THERE IS SOMETHING very homosexual about using “multiple instruments of the same kind.” This is the ensemble instruction composer Julius Eastman gave for performing some of his most exciting scores, in which groups of players work through themes and variations, all on the same musical instrument. These compositions were introduced to new music audiences in the 1970s and ’80s and have been rarely heard since. Still, they are thrilling to witness live, as was made possible by the miraculous “That Which Is Fundamental,” an exhibition and concert series presented in Philadelphia at the Slought Foundation and the Sanctuary of the Rotunda in 2017 and expanded earlier this year at the Kitchen in New York. In performance, visual cues and subtle spatial arrangements separate layers of sound, setting off differences within a thick field of sameness, as the ensemble finds its repetitive groove and breaks into simultaneous improvisations, which then fold themselves back into the collective, a whirl of thrusts and driving declarations. The singular becomes many, the many become a mass, the mass dissolves into ecstatic singularities. Rather than typical arrangements of complementary instruments—heterosexual arrangements—these pieces amplify each instrument by disavowing its uniqueness.
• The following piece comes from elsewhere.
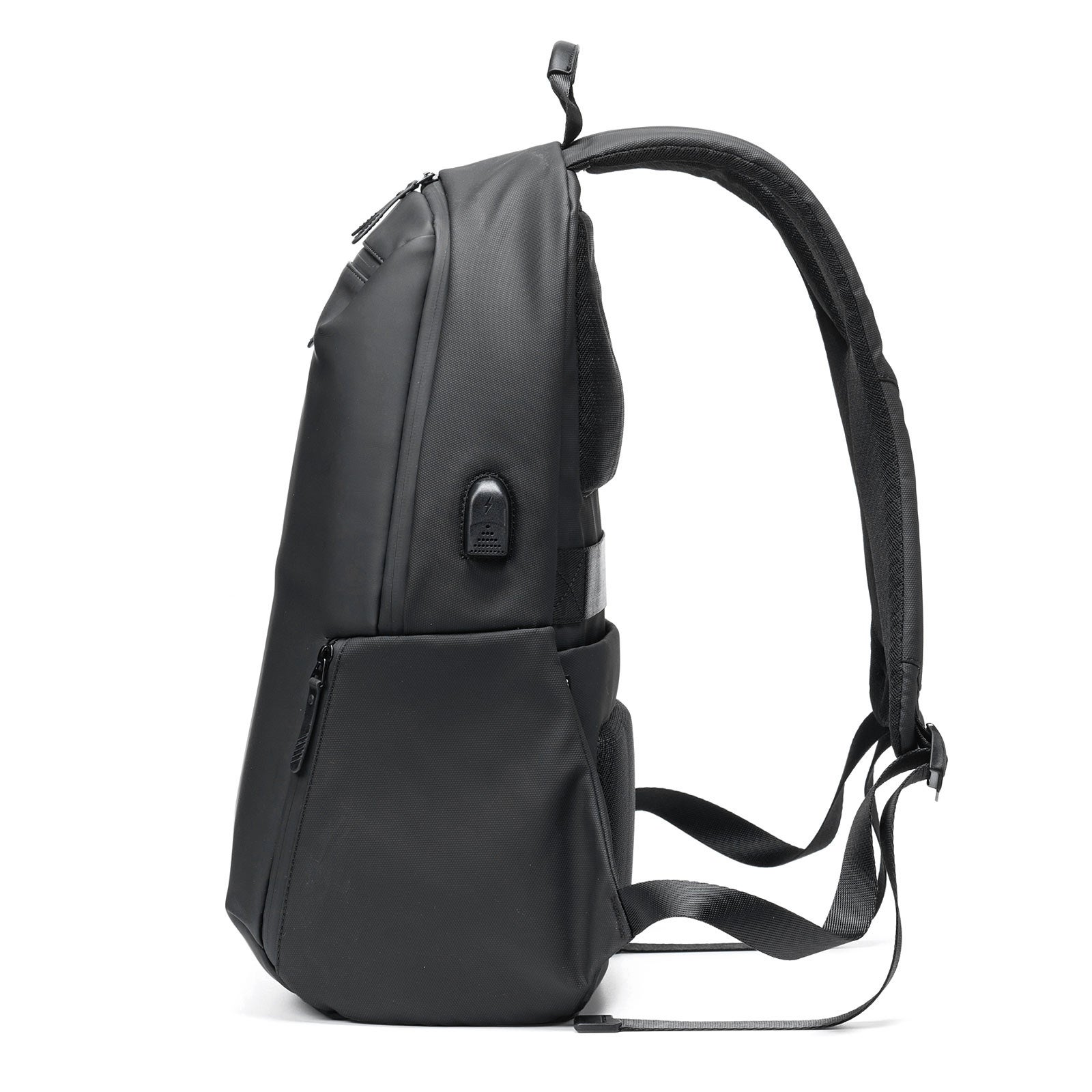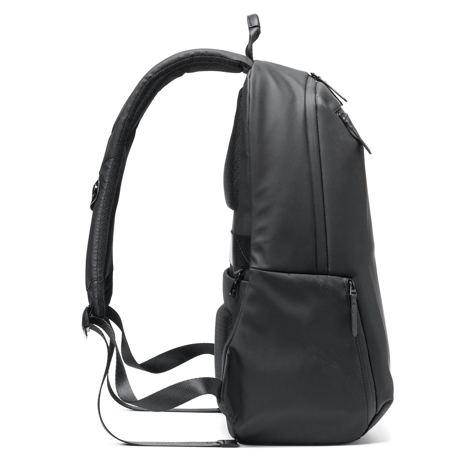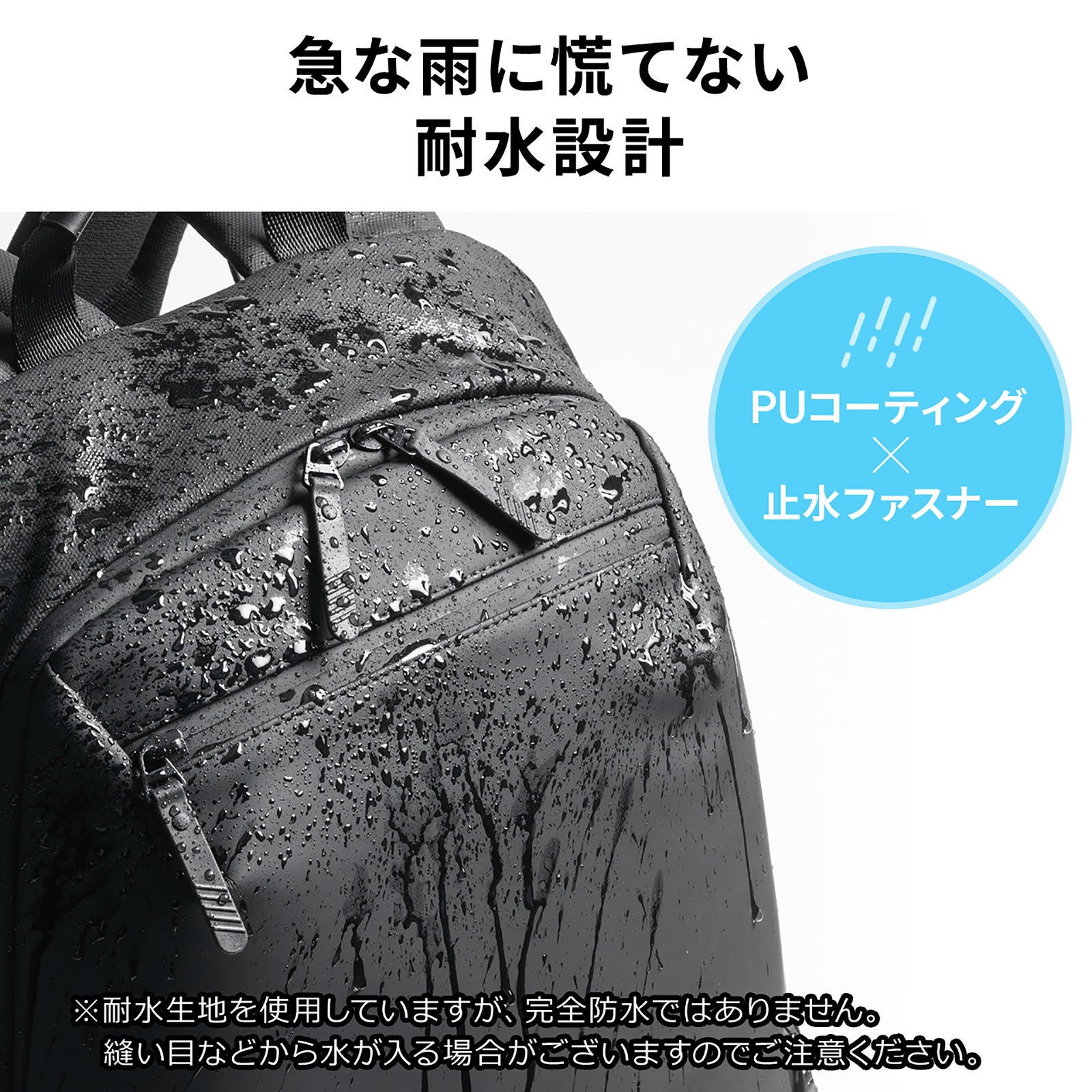外装には水の侵入を防ぐPUコーティング生地と止水ファスナーを使用しています。雨の日も安心して持ち運べます。

In this concert series of epochal consequence, the insistent percussiveness of Evil Nigger (1979) was quadrupled by four pianos; that instrument’s already wide range was made extra when thirteen pianists played those same four pianos at the conclusion of Crazy Nigger (1979). The simple tonal changes of Gay Guerrilla (1979) resonated with badass power on eleven electric guitars; the sonorousness of cello stirred so much drama on the ten cellos of The Holy Presence of Joan d’Arc (1981); and the brightness of the trumpet glowed more brightly than might seem possible through the seven trumpets of Trumpet (1970). While some of these pieces call for specific instruments, others Eastman queerly left unspecified; Evil Nigger is most commonly performed on four pianos, but it could be done on any instrument capable of playing its themes. In this work, there is both the restraint and reduction one might associate with minimalist ideas, and also a radical openness, a demand for uncontrollable diversity.

In Eastman’s work, there is both the restraint and reduction one might associate with minimalist ideas, and also a radical openness, a demand for uncontrollable diversity.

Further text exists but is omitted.